Andrew Cassese (born ) is an American stage and film actor and musician. Born in New York, Cassese is perhaps best known for starring in the 1984 comedy film Revenge of the Nerds as child prodigy Harold Wormser. In 2007, he starred as Microsoft co-founder Paul Allen in the Philadelphia Theatre Company premiere of Nerds://A Musical Software Satire.

Life and career 
Cassese is an Italian American native of Brooklyn, New York. He attended Patchogue-Medford High School on Long Island, graduating in 1990. Cassese graduated from the NYU Film School in 1995 with three years of production experience with Fox News Channel in New York.

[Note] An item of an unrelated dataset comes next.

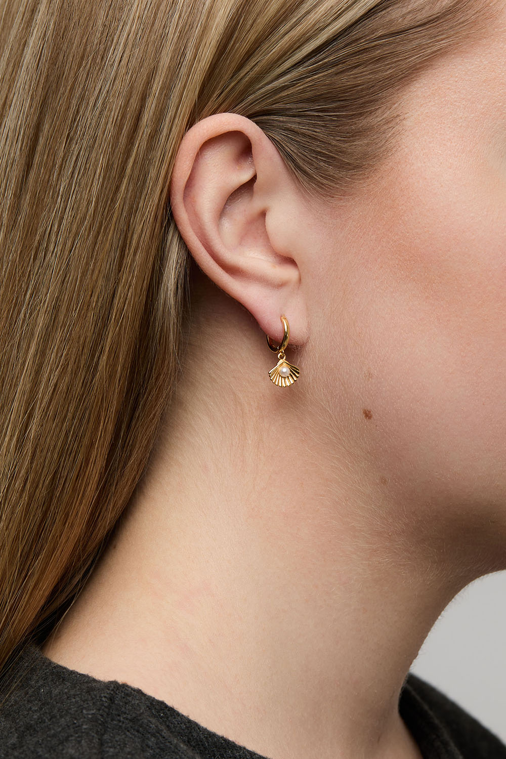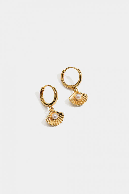 Øreringer i 18 karat gullbelagt sterlingsølv med anheng av skjell med skjellperler.

An actor by trade, his credits also include starring roles on Broadway in the productions of Smile and Nine, Tommy Tune's award-winning musical starring Raul Julia. Cassese was also one of the stars of the CBS series, TV 101. Cassese is an accomplished guitarist and singer, and is a member of SAG, AFTRA, and Actor's Equity. In 2017, Cassese joined Robert Carradine, Don Gibb, Curtis Armstrong, Larry B. Scott, Brian Tochi and Julia Montgomery for interviews at the Rhode Island Comic Con. The following year in 2018, Cassese joined Robert Carradine and Don Gibb for interviews at the Niagara Falls Comic Con.

Filmography 
 Revenge of the Nerds (1984)
 Chips Ahoy! (1986) TV commercial
 Hi-C (1985) TV commercial
 The Kingdom Chums: Little David's Adventure (1986) (TV)
 Revenge of the Nerds II: Nerds in Paradise (1987)
 TV 101 (1988) TV Series

Stage 
 Smile 
 Nine
 Eight is NEVER Enough! (2002)
 I Love My Wife (2004)
 Nerds://A Musical Software Satire (2007)

References

External links 
 
 
 Andrew Cassese at Twitter

Living people
American male film actors
American male television actors
American people of Italian descent
Tisch School of the Arts alumni
Year of birth missing (living people)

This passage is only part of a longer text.